Irrwisch eilt durch den urbanen Dschungel
Rudresh Mahanthappa und seine Band ließen das Publikum völlig geschafft zurück.
Krefeld. Seine Band "Codebook" sorgte 2008 für den Höhepunkt des Jazzfestivals auf Burg Linn, nun hat der Jazzklub den indischstämmigen New Yorker Rudresh Mahanthappa ein weiteres Mal nach Krefeld gelockt. Im Jazzkeller eroberte er mit seinem Quartett das Publikum im Sturm.
In der Kritikerumfrage des Fachblatts Downbeat wurde Mahanthappa gerade in der Kategorie "Rising Stars" zum besten Altsaxophonisten gekürt, darüber hinaus zum besten Jazzmusiker überhaupt.

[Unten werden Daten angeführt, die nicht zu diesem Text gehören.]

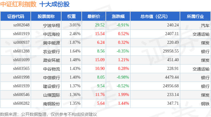 资金流向方面,中证红利(000922)指数成份股当日主力资金净流出合计11.51亿元,游资资金净流入合计9.63亿元,散户资金净流入合计1.87亿元。成份股资金流向详情见下表:

Das sind in der Jazzszene höchste Weihen.
Kaum überschaubare Langformen trotz wiederkehrender Akzente, unübliche Taktarten und deren Mischung, modales Improvisieren - das kennzeichnete schon Mahanthappas Auftritt in Linn. Das aktuelle Quartett ist komplett neu besetzt. E-Gitarrist David Gilmore ist der zweite Solist, Rich Brown am E-Bass und Damion Reid am Schlagzeug bilden eine Rhythmusgruppe, die das Zuhören nicht leichter macht, die Musik aber noch unwiderstehlicher.
Brown ist für die oft ostinaten Bassläufe zuständig, die aufgrund ihrer verqueren Rhythmik keinen Anfang und kein Ende zu haben scheinen. Reid ist trotz seiner jungen Jahre ein Drummer, der über die Technik eines Meisters verfügt. Seine Grooves mäandern pulshaft durch die Musik. Klare Taktschwerpunkte sind kaum noch auszumachen.
Drummer wie er leisten in der Fusionrhythmik heute das, was einst Elvin Jones in den 60er Jahren für die Swingrhythmik erreichte: Das Spiel des Schlagzeugers wird befreit von der Markierung des Rhythmus’ und geht als eigene Stimme in der Musik auf.
Atmosphärisch erinnerte so manches Stück an die frühen Fusionaufnahmen von Miles Davis. Nur, dass Mahanthappa und seine Irrwischkollegen alles mindestens doppelt so schnell spielen, ihre Stimmen unglaublich komplex verflechten und trotz aller Leichtigkeit, mit der sie den von ihnen selbst kreierten urbanen Dschungel durcheilen, mit einer wie entfesselten Expressivität das Publikum bestürmen. Man verlässt den Keller völlig geschafft und dennoch zufrieden.